# Wie lange sind gekaufte boilies haltbar



## Carphunteer 17 (16. August 2011)

hallo

geh am donnerstag zum karpfenangeln. dazu möcht ich 2 boilie sorten testen. Nun das problem ist da ich keine 1 kg boilies da brauche vll 1/4 oder die halbe packung. Wie lang sind die dan haltbaR nach em donnersdag den will nich unbeding 12 € boilies wegschmeisen.


grus andi


----------



## Namenloser (16. August 2011)

*AW: Wie lange sind gekaufte boilies haltbar*

Wie lang genau kann ich dir nicht sagen aber ich hab mal mit 5 jahre alten Boilies die ich in der Sitzkiepe von meinem Vater "gefunden hab" geangelt die waren zwar stein hard aber ne Brasse fing ich trotzdem damit. Ich würd sagen wenn du die trocken lagerst passiert da nix.


----------



## dark (16. August 2011)

*AW: Wie lange sind gekaufte boilies haltbar*

Gewöhnliche (konservierte) Boilies würde ich innerhalb einer Saison aufbrauchen.

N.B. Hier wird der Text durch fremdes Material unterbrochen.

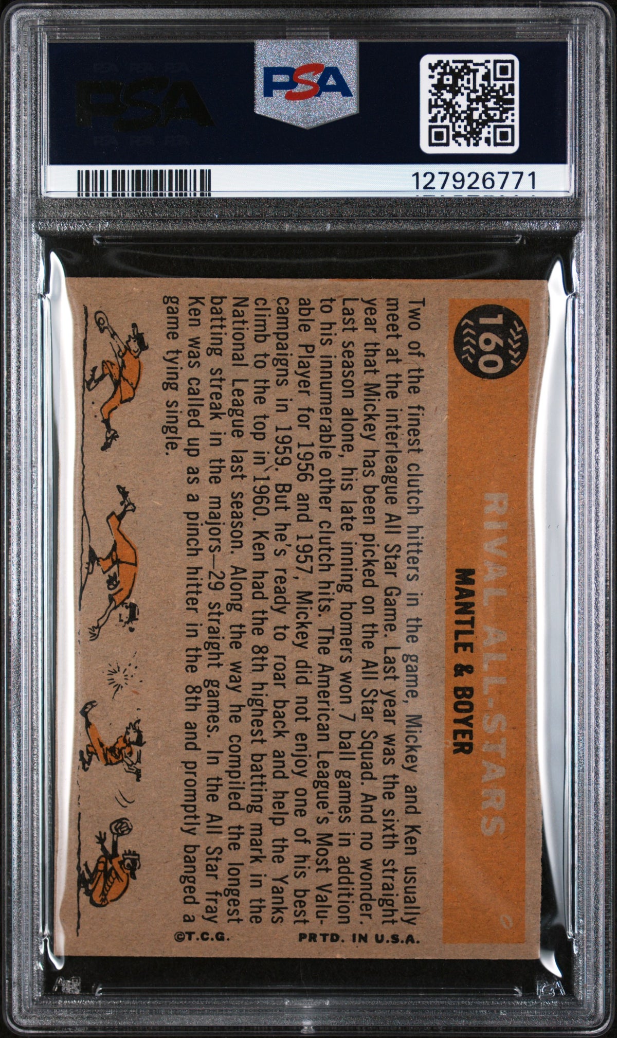 Step back in time with this vintage gem from 1960 - a Topps #160 Mantle & Boyer card from the illustrious 'Rival All Stars' set. This is no ordinary sports card; it's a piece of baseball history featuring two of the game's greats in one remarkable card.

Danach hätte ich kein gutes Gefühl mehr. Aber kühl und trocken (z.B. im Keller) lagern. 

Gruss

Dark


----------



## Dr. Kalamaris (16. August 2011)

*AW: Wie lange sind gekaufte boilies haltbar*

meine 2,5kg eimer halten meist 2-4 monate bis sie leer sind, bisher gab es noch keine probleme dass sie schlecht wurden


----------



## Sven 20 (16. August 2011)

*AW: Wie lange sind gekaufte boilies haltbar*

Wenn sie trocken gelagert werden schimmeln sie praktisch nie!
aber würde sie auch in 2-3 Monaten


----------



## Bellaron (17. August 2011)

*AW: Wie lange sind gekaufte boilies haltbar*

Normal steht ein Mindesthalbarkeitdatum drauf.Meistens steht 12 Monate drauf.Habe auch schon mit 2 Jahre alte Boilies gefischt und gefangen.Gruß Lars


----------



## dark (17. August 2011)

*AW: Wie lange sind gekaufte boilies haltbar*



Bellaron schrieb:


> Normal steht ein Mindesthalbarkeitdatum drauf.Meistens steht 12 Monate drauf.Habe auch schon mit 2 Jahre alte Boilies gefischt und gefangen.Gruß Lars



Das Mindesthaltbarkeitsdatum gilt bei ungeöffneter Packung. (Und wenn ich den TE richtig verstehe, gehts hier um angebrochene Packungen.)


----------



## Fr33 (17. August 2011)

*AW: Wie lange sind gekaufte boilies haltbar*

Seid ihr sicher, dass ein MHD auf Boilie Tüten ist ? ich hab höchstens mal einen Produktionsstempel gefunden.... aber nicht mehr..... 

Z,B bei meinen BLB Boilies (Eimer) steht gar nichts drauf....


----------



## carpboy112 (17. August 2011)

*AW: Wie lange sind gekaufte boilies haltbar*

halllo
wenn du unkonservierte boillies hat dann halten die nur 2 tage dann faulen sie du kannst sie aber nach dem kaufen direkt einfreien ich kaufe meien auch immer schon gefrohren und wenn du dann damit füütern oder angeln willst nimmst du sir einfach welche raus.ich mache es immer ich neheme so viele wie ich brauche morgens raus aus der tiefkühltruhe und lege sie dann in dei garage und wenn ich dann abends füttern gehe sind die meistens aufgetault
lg carpboy112


----------



## Lil Torres (17. August 2011)

*AW: Wie lange sind gekaufte boilies haltbar*



carpboy112 schrieb:


> halllo
> wenn du unkonservierte boillies hat dann halten die nur 2 tage dann faulen sie



blödsinn... #d

wie kommst du zu so einer aussage??

man muss unkonservierte boilies nicht zwingend einfrieren, um sie länger als "2 tage" haltbar zu machen.


----------



## carpboy112 (17. August 2011)

*AW: Wie lange sind gekaufte boilies haltbar*

mann kann auch salz dazu machen und wenn man das nicht macht vegammeln die nach 2 tagen


----------



## Lil Torres (17. August 2011)

*AW: Wie lange sind gekaufte boilies haltbar*

die murmeln einfach an einem trockenen ort, am besten mit etwas zugluft, durchtrocknen. komplett durchgetrocknet sind sie fast ewig haltbar.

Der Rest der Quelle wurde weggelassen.